Claims in which the amount sought is not more than $3,500, exclusive of court costs can be filed in Small Claims Court. Typically, parties are not represented by attorneys and cases can be heard relatively quickly and inexpensively. A small claims case cannot be heard before a jury. The hearing officer's decision is final and not appealable. [Please note: if you believe you are entitled to damages greater than these monetary limits, but decide to sue in Small Claims Court, you give up your right to recover damages over the $3,500 limit. The additional money cannot be claimed later in a separate lawsuit.]
How to File
The Court provides the necessary forms with detailed information and instructions.
Click on the links below to view the forms:
CVSCPK1 - Small Claims Plaintiff Packet
Filings may be subject to a fee according to the Civil Fee Schedule.
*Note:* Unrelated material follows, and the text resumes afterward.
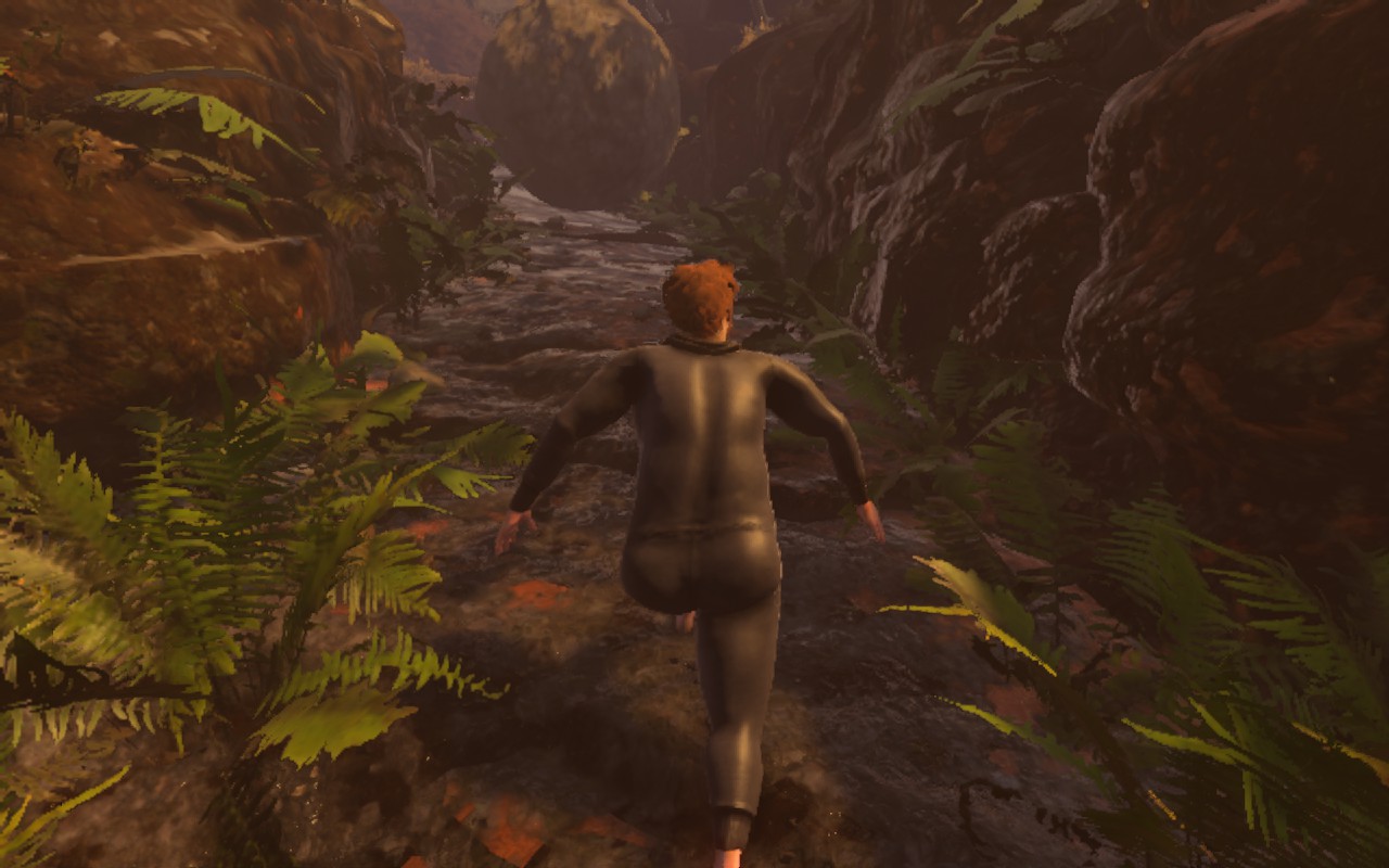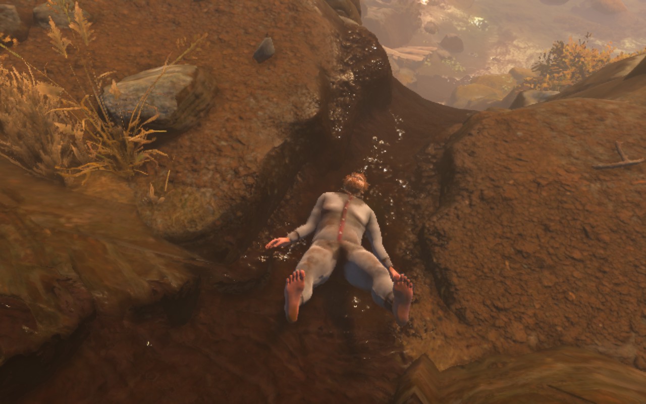 Le gameplay est aussi minimaliste qu’exigeant. Pas de compétences, pas de raccourcis, juste vous et vos deux jambes. La grande réussite de Baby Steps est de nous faire réapprendre un geste que l’on croyait inné. Vos premiers pas seront chancelants, vos premières minutes pathétiques. Puis, un semblant de rythme s’installe, on enchaîne quelques mètres et on se surprend à penser « ce n’est pas si difficile ». Grave erreur. Et Baby Steps viendra vous le rappeler à chaque fois, il ne faut pas prendre la confiance. Même en fin de jeu, on continuera de trébucher sur du plat en étant trop ambitieux. Le parcours ne fait que commencer, et chaque nouvelle texture de sol (boue, neige, mousse, etc ..) vient perturber votre démarche déjà précaire.

If you cannot afford the fees you may apply for a Deferral or Waiver.
Case Flow Chart
Common Case Terms & Definitions
Complaint - A formal allegation that initiates a lawsuit.
Creditor - One to whom a debt is owed.
Debtor - One who owes an obligation to another.
Default Judgment - A judgment entered against a defendant who has failed to plead or otherwise defend against a plaintiff's claim.
Defendant - A person being sued in a civil proceeding.
Garnishee - A third party who is served a notice by a court to surrender money for the settlement of a debt or claim.
Garnishment - a process that involves a court order to direct that money from a third party (employer or bank) be seized to satisfy a debt owed by a debtor to a plaintiff creditor.
Judgment - A formal decision made by a court.
Plaintiff - A party who brings a civil suit in a court of law.
Service - The formal delivery of a legal notice.
Summons - Provides legal notice to a party about a lawsuit and may involve an order to appear and or response to the complaint.
Is there a fee to file a small claims case?
- Yes, per the Civil Fee Schedule a fee is required to file the complaint with the Court.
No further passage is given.